A word to the wise here: it might seem that the XML would be clearer with some reorganization. For example, the prim-key-class element might be easier to find if it were right below the other class entries (home, remote, and ejb-class). However, moving it will cause an error in deployment! The ejb-jar_2_0.dtd file specifies the order of elements, and is completely inflexible in this respect. This is a typical limitation of DTDs, as opposed to other constraint representations in XML such as XML Schemas. If these elements not in the correct order shown in the example, you will encounter errors in deployment.

Wrapping It Up

The process of creating the Office entity bean is finally complete (at least in its current form). You now need to create a deployable JAR file, and then create the container classes to add implementation details to your bean, such as SQL and JDBC code. First, ensure that your directory structure is set up correctly. The Java source files can all be in a top-level directory. You should then create a directory called META-INF/, and place the ejb-jar.xml deployment descriptor inside it. Next, compile your source files:

galadriel:/dev/javaentI $ javac -d build \
                          ch04/src/java/com/forethought/ejb/util/*.java \
                          ch04/src/java/com/forethought/ejb/office/*.java

Tip

Setting up your classpath for these compilations can be either really simple or really difficult. Many application servers provide a script that can be run to set up all the environment variables. Running this script takes care of all the classpath issues for you, and your compilations will be a piece of cake (refer to Appendix D and Appendix E for these details for the Sun J2EE reference implementation). Or, you may have to manually add the entries needed to your classpath. You should consider creating your own script in these cases, and then bothering your server vendor until they provide you with a prebuilt script. Unfortunately, the libraries are packaged differently with every server (for example, in Weblogic there is one giant JAR, and in jBoss there are individual JARs for each API), so I can’t tell you exactly what to type. Just look for a script; it’s almost always there.

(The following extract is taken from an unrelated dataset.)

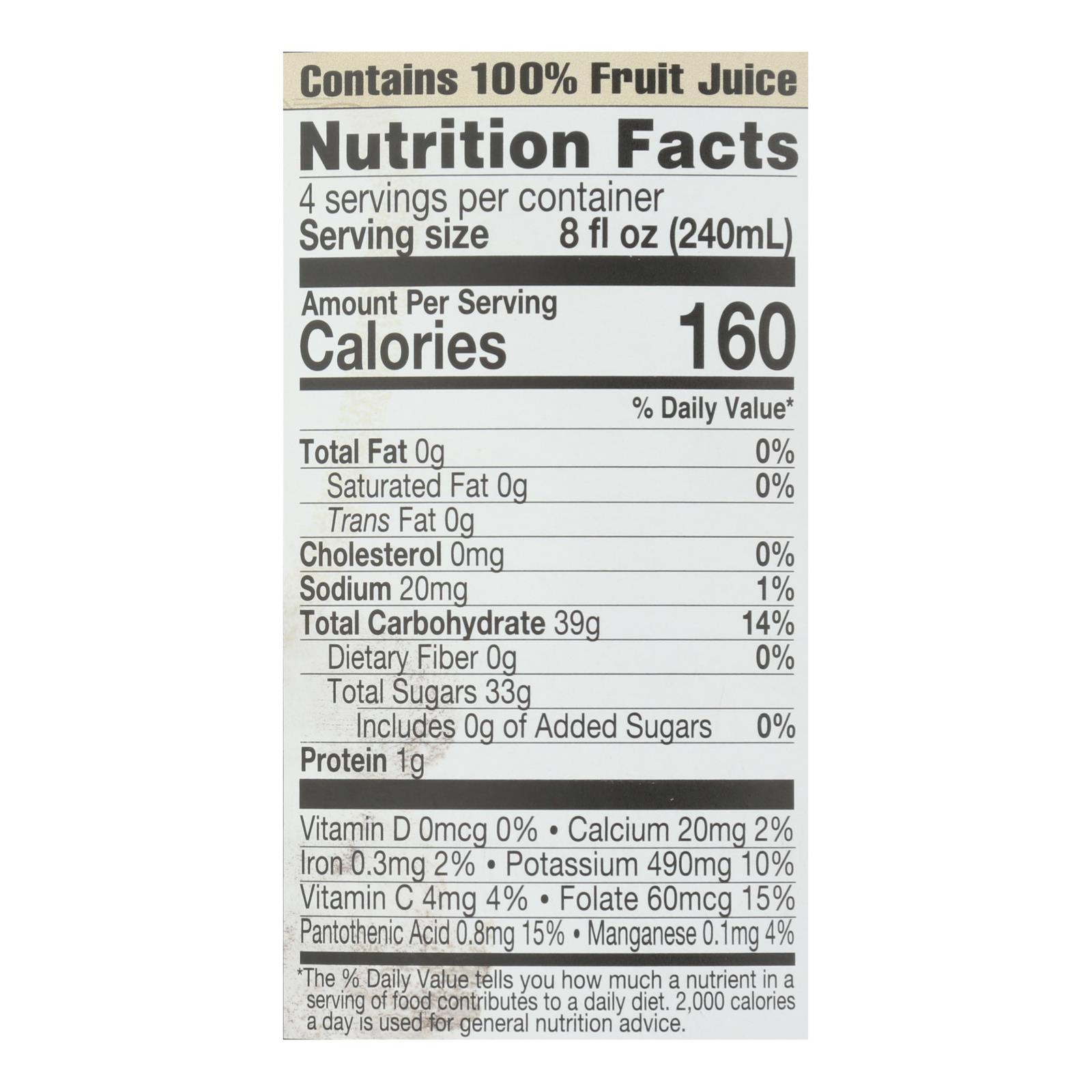 Lakewood organic pure pomegranate juice is fresh pressed from organic pomegranates, pasteurized and bottled with no added ingredients to give you authentic, refreshing taste with every sip. There is no fat, cholesterol or added sugar in this juice, and each serving is 160 calories. This 32 fl. Oz. Bottle makes four servings.
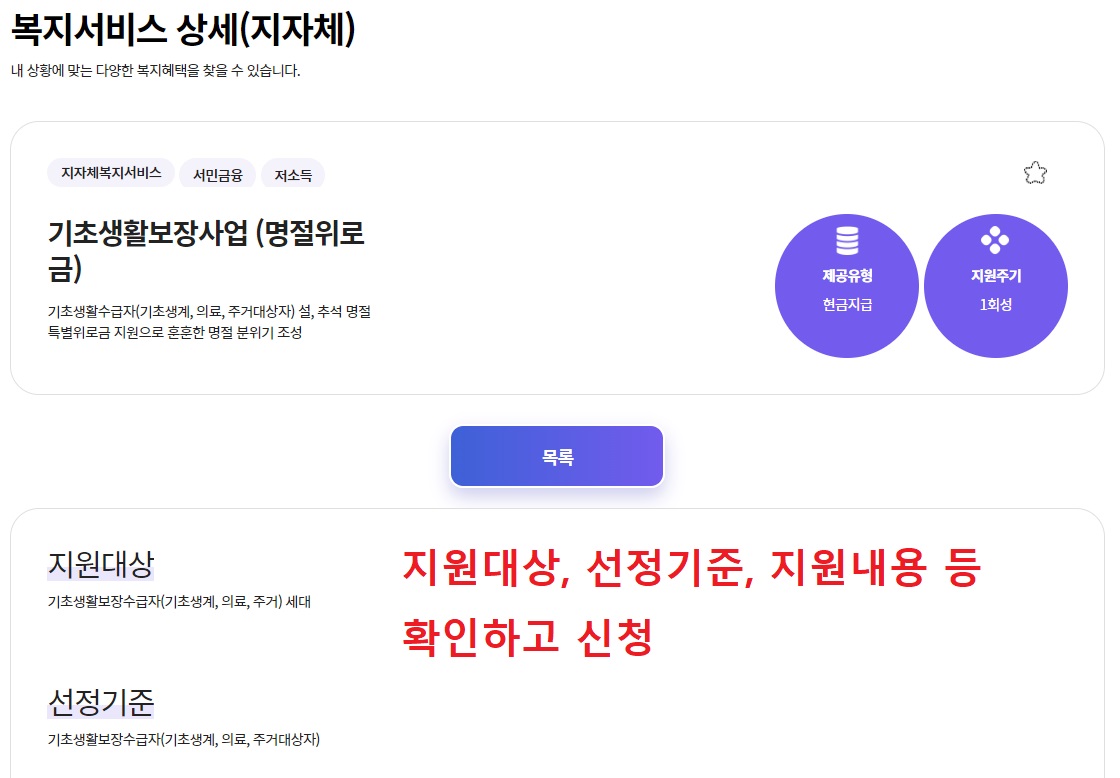 4) 명절지원금 지원대상, 선정기준, 서비스 내용, 신청방법 등을 확인하시고 신청하시면 됩니다.

Correct any errors you receive by referring to the text. Once you’ve compiled the source, you should have the directory structure shown in Figure 4-2. Notice that I have build/ and deploy/ directories in place before compilation and deployment to segregate my files. You should create these as well (or use your own structure, of course).

Directory structure for office entity bean

Figure 4-2. Directory structure for office entity bean

Next, you need to create a JAR file of these classes and the deployment descriptor. Create it with the name forethoughtEntities.jar, as shown:

galadriel:/dev/javaentI $ cd build

galadriel:/dev/javaentI/build $ jar cvf ../deploy/forethoughtEntities.jar com \
                                    META-INF/ejb-jar.xml
added manifest
adding: com/(in = 0) (out= 0)(stored 0%)
adding: com/forethought/(in = 0) (out= 0)(stored 0%)
adding: com/forethought/ejb/(in = 0) (out= 0)(stored 0%)
adding: com/forethought/ejb/office/(in = 0) (out= 0)(stored 0%)
adding: com/forethought/ejb/office/Office.class(in = 439) (out= 280)(deflated 
36%)
adding: com/forethought/ejb/office/OfficeBean.class(in = 805) (out= 445)
(deflated 44%)
adding: com/forethought/ejb/office/OfficeHome.class(in = 480) (out= 260)
(deflated 45%)
adding: com/forethought/ejb/util/(in = 0) (out= 0)(stored 0%)
adding: com/forethought/ejb/util/EntityAdapter.class(in = 831) (out= 388)
(deflated 53%)
adding: META-INF/ejb-jar.xml(in = 1038) (out= 430)(deflated 58%)

With this archive ready for use, you can refer to Appendix D for instructions on taking the JAR from its current state to a deployable, CMP entity bean and descriptor.